### DATA BELOW:
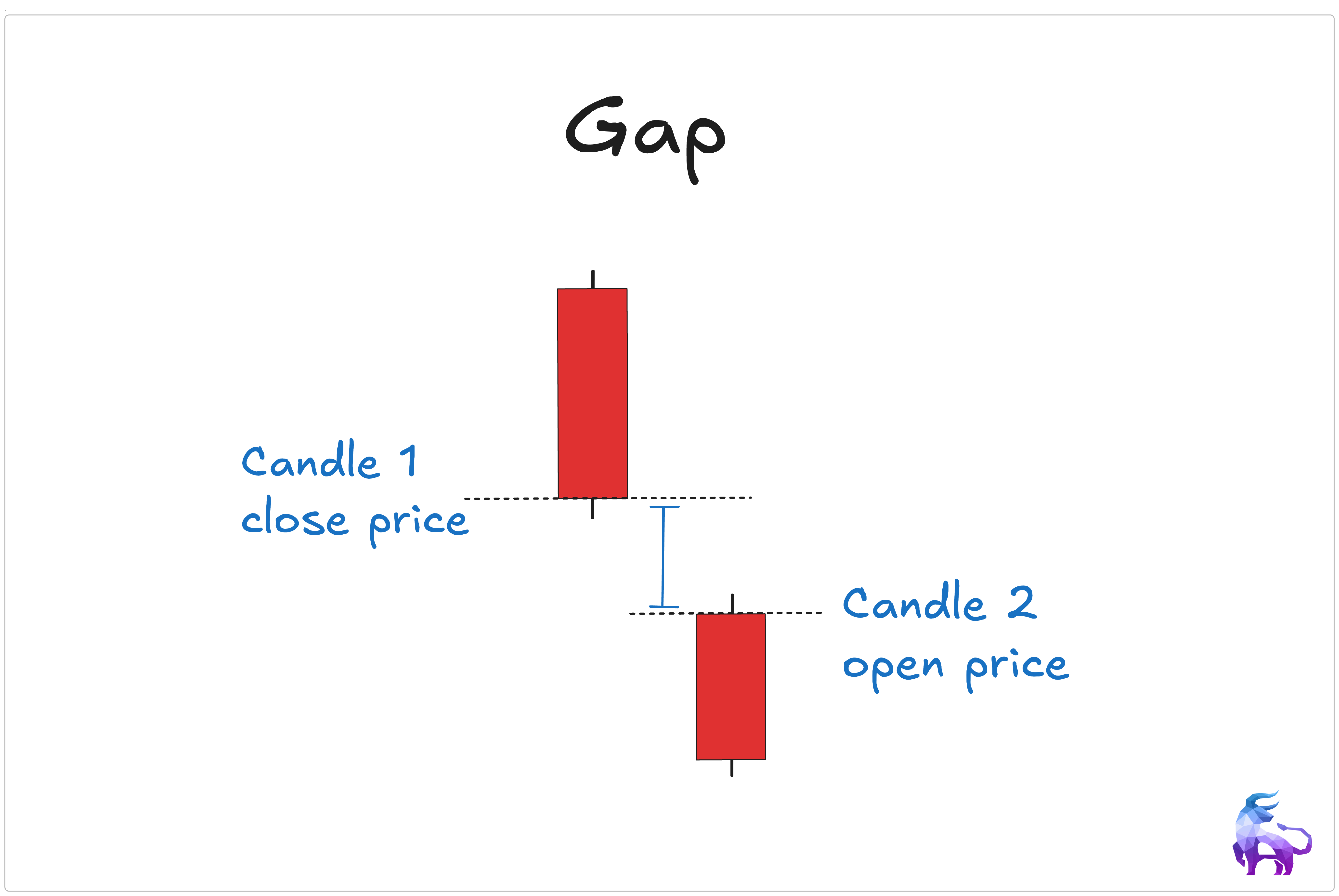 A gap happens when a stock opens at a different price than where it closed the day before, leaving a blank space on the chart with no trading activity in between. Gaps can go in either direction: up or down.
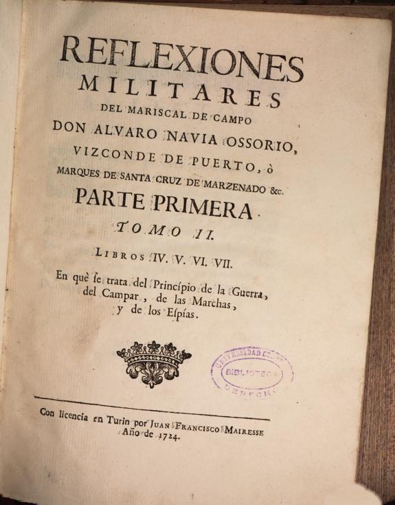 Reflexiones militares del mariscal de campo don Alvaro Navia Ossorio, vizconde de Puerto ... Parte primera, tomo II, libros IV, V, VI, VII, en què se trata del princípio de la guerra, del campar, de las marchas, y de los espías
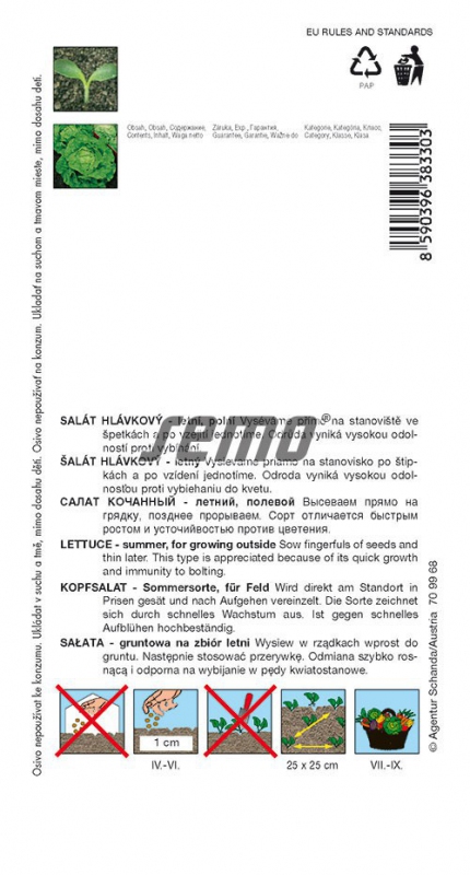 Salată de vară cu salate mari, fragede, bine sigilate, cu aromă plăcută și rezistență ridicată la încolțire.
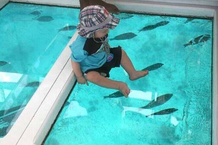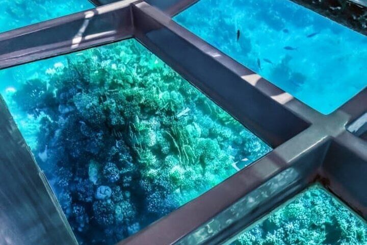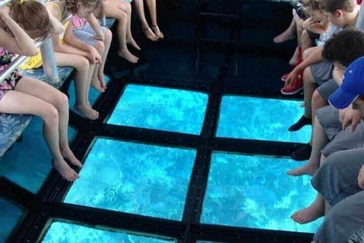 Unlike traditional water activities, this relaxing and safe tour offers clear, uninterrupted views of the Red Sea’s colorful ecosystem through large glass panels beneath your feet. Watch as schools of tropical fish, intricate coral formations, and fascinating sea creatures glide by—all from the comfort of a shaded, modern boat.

### EXERCISE BRIEF:
Transcribe the listing exactly; skip the pictures.

### RESULT OF THE EXERCISE:
 A gap happens when a stock opens at a different price than where it closed the day before, leaving a blank space on the chart with no trading activity in between. Gaps can go in either direction: up or down.
 Reflexiones militares del mariscal de campo don Alvaro Navia Ossorio, vizconde de Puerto ... Parte primera, tomo II, libros IV, V, VI, VII, en què se trata del princípio de la guerra, del campar, de las marchas, y de los espías
 Salată de vară cu salate mari, fragede, bine sigilate, cu aromă plăcută și rezistență ridicată la încolțire.
 Unlike traditional water activities, this relaxing and safe tour offers clear, uninterrupted views of the Red Sea’s colorful ecosystem through large glass panels beneath your feet. Watch as schools of tropical fish, intricate coral formations, and fascinating sea creatures glide by—all from the comfort of a shaded, modern boat.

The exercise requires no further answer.